Well I have been reading through this site and a lot of the postings over the past two days and thought that I would go ahead and post myself. I have read through a lot of stories and found that I can relate to many of them.
On November 1st, after a Holloween that I drank way too much, after that I decided that I was going to stop drinking for awhile. I didn't think (and still don't) that I was far enough in the hole to need AA or other counseling, I thought that through the internet I would be able to work this out on my own and with online support like I found here. Well 4 days later (and 4 days of abstinence) I went home from work only to find that my husband didn't think I could do it on my own and had arranged for an intervention.
I walked in the door only to find some stranger, my family (parents and aunt) and my husband sitting in the living room discussing my problem. Then my husband tells me of these in-patient clinics that he has found for me and that it will help me. I was so angry that he did not even give me a chance to try this on my own. After listening to what each person (my family) had to say I decided and we agreed that I would attend outpatient treatment.
So for the past 10 days, my life has been consumed with this outpatient program. I work from 8:30 to 5:30 then have to go to group meetings Monday, Tuesday and Thursday from 6:30 to 7:30, have a meeting with my counseler for an hour every week and on saturdays attend group sessions from 10:30 - 12:30. My life is consumed with doing this treatment. I just feel like I was not allowed to prove to myself that I could do it on my "own" (my less orthodox way). Moreover, I feel like I do not have anytime for myself. On Wednesdays and the weekends are now my only time that I am able to do yoga and jog - activities in my life that I feel are essential for my mental health.
After finding MWO this is the type of treatment that I think would better help me, however, I just don't know how I can make my husband believe that this would help. Although I have not had a drop of alcohol in 17 days I do not feel, as my husband wants to believe, that it is because of the group meetings. I am not going to say that they don't work, because they do, it is something about knowing that if you have a drink, you have to walk back into that group and tell them that you are back at day 1 that keeps me from drinking.

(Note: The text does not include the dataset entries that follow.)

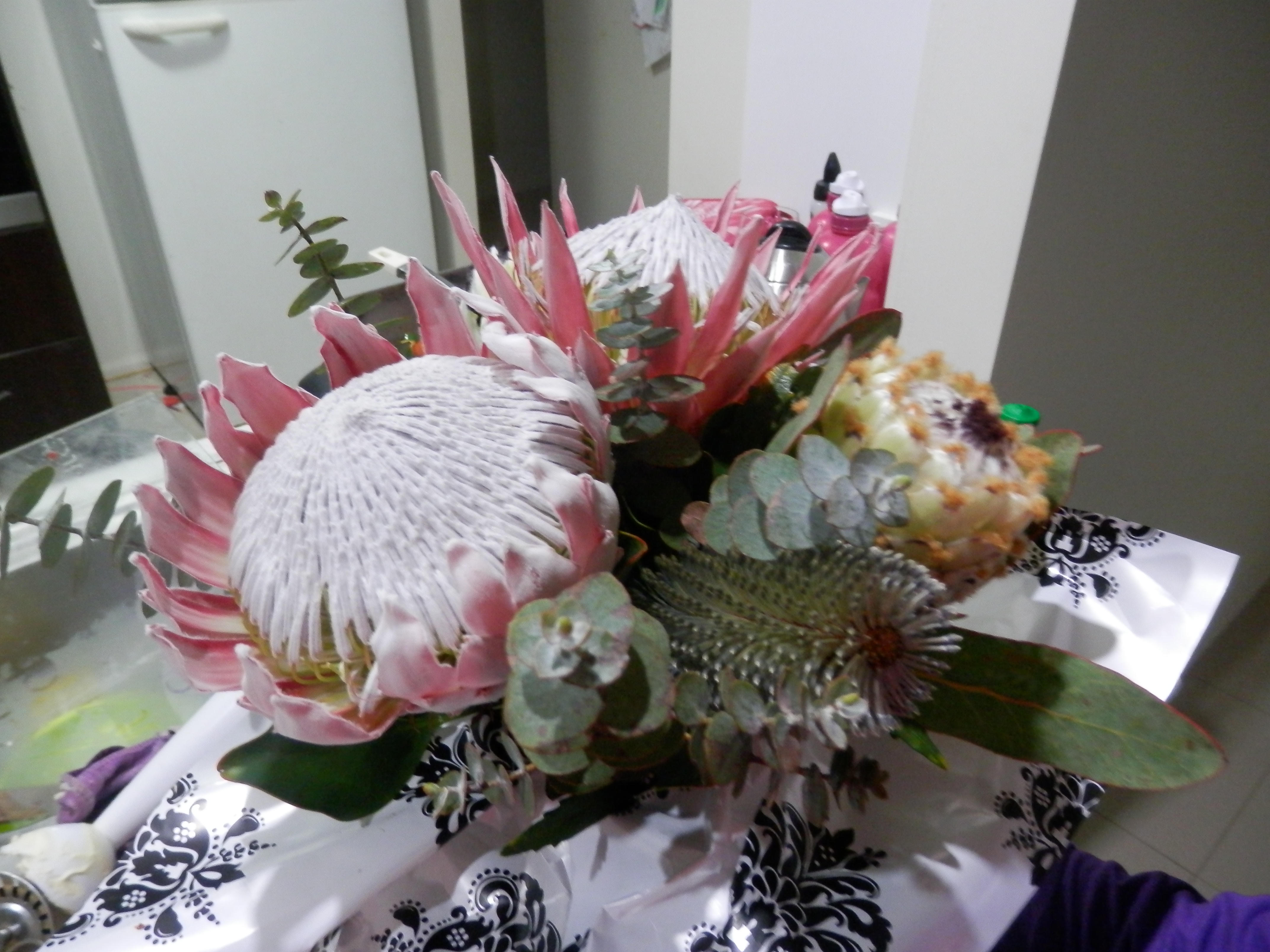 All in all the party was a success. Apparently the girls all wrote about the party in their journals at school Monday morning. It was lovely to be able to let Miss 10 experience a slumber party, sleepovers at someone else’s place are a bit tricky when you have an insulin pump to manage. There is another little girl in her class who is also a Type 1 Diabetic, and she has the same pump, so it was lovely to be able to invite her to stay over. When she got into the car the next morning she told her mum “It was the best night of my life!”. And in case you missed them on facebook, these are the lovely Proteas she gave me as a thank-you when she arrived at the party.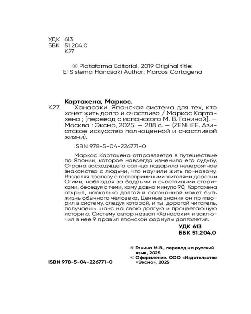 💳 Оплатить за товар можно при получении 🇰🇿 Есть бесплатная доставка по Казахстану от 1 дня 🎁 Копите бонусы с каждой покупки Серия: ZENLIFE. Азиатское искусство полноценной и счастливой жизни Всего 30 лет назад в Японии насчитывалась сотня долгожителей. Сегодня — их почти сто тысяч! Маркос Картахена исследовал этот феномен долголетия, анализируя пищевые привычки, физическую активность, культурные особенности японцев. Результатом стала система «Ханасаки». Правильная забота о здоровье, связь с природой, минимализм, наполняющие отношения с окружающими, система ценностей — ключевые столпы осознанной жизни, которые легли в основу методики автора. |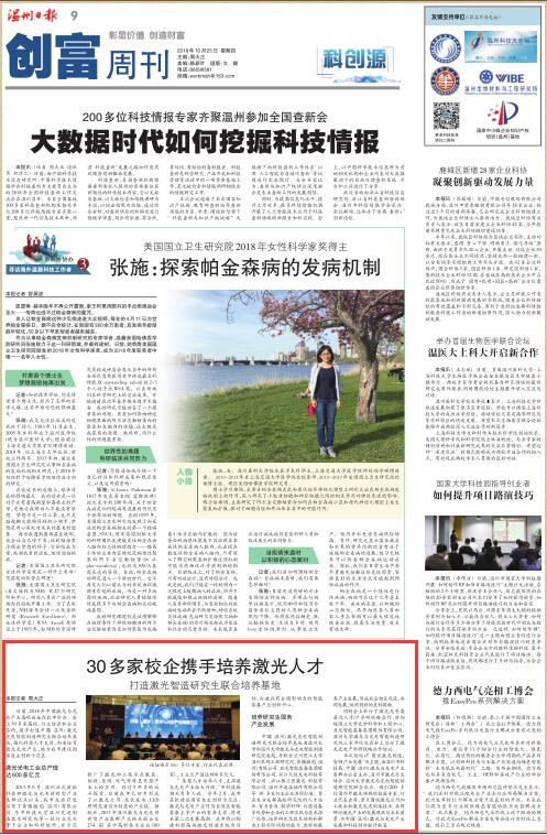 日前,2018年中国激光与光电产业高峰论坛在我市举办。会上30多家高校、行业协会和企业签约,携手打造中国(温州)激光光电智能制造研究生联合培养基地,强化科技人才支撑,加速培育激光光电产业,助力我市建设国家自主创新示范区。

I have told my husband about this site and asked him to read some of the postings. But he has yet to do this. It seems that he wants me to do things his way and is not being as receptive to my requests as I am to his. Today I ordered 3 bottles of the Kudzu and plan on trying that along with the l-glutamine to not only stop cravings but also (hopefully) to allow me to drink in moderation. I told my husband about this today and he got very upset with me saying that it has only been 2 weeks and how could I even think about going back to drinking already. I explained to him that the holidays are coming up (not to mention my birthday) and that I would like to have something that will hopefully keep me from either wanting a drink or at least keep me from having more than one or two. Am I unrealistic to think that I can have a glass of wine with dinner this early in the game?? How can I get my husband to see that the outpatient treatment isn't my cup of tea? That I would do better on a program like this? Also, what is considered a relapse? Is having a glass of wine with dinner a relapse? I know somebody else on here had spoken of this but I just really don't see how this outpatient treatment is going to make me see a new light, find a new power that is going to solve all my problems.

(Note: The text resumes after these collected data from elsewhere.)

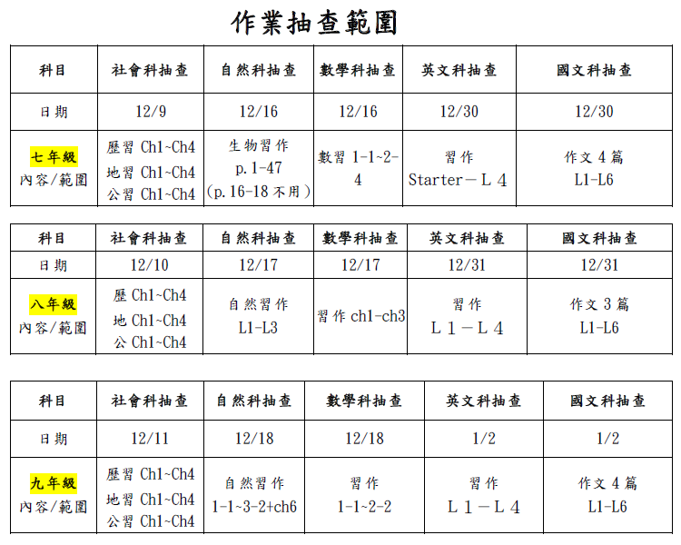 各年級作業抽查範圍及日期如下。相關實施辦法如附件。(將於近日同步紙本公告各班)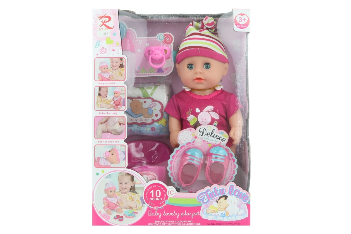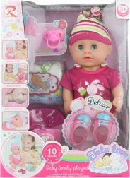 Adorable bébé de 30 cm qui, une fois les piles insérées, émet des sons réalistes et peut faire pipi. L’emballage comprend un riche ensemble d’accessoires, dont des chaussons, un bavoir en plastique, un biberon et une assiette. Les piles sont incluses pour que les enfants puissent jouer immédiatement après le déballage.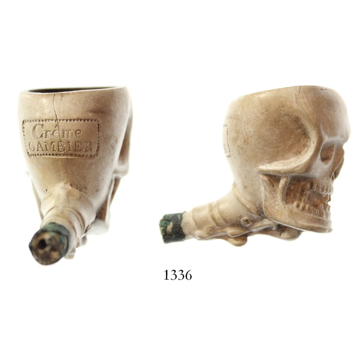 French clay pipe with skull motif, marked "Crème GRAMBIER," intact. 24 grams, roughly 2" x 1-1/2" x 1". Like lot #1972 in our 9th auction (which fetched over $900), this ornate and gruesome pipe is in the form of a complete skull, with tiny brass ring (corroded and patinated) to connect it to the (missing) stem, intact and especially desirable as showing the maker's name in beaded rectangle in the back, with hairline crack only, black inside so evidently used. With printed description tag from the salvager. Recovered from:Unidentified 1700s or early 1800s wreck in a river on the east coast of the US

Also, I had mentioned in one of the sessions that one day I want to be able to go have wine with dinner or attend a social event and have a drink. Everybody in the group laughed and said "oh yeah your new here... it's never going to happen, you'll fall back into a relapse" This lack of encouragement really discourages me, especially after reading through here about so many people being able to drink in moderation with the help of supplements and topamax (which I am not so sure about yet).
Anyhow, sorry this is so long and jumpy, I just needed to get it out there. Thank you for taking the time to read this and I appreciate any resposes that anybody has. Also thank you for writing on other posts they have been an insperation for me.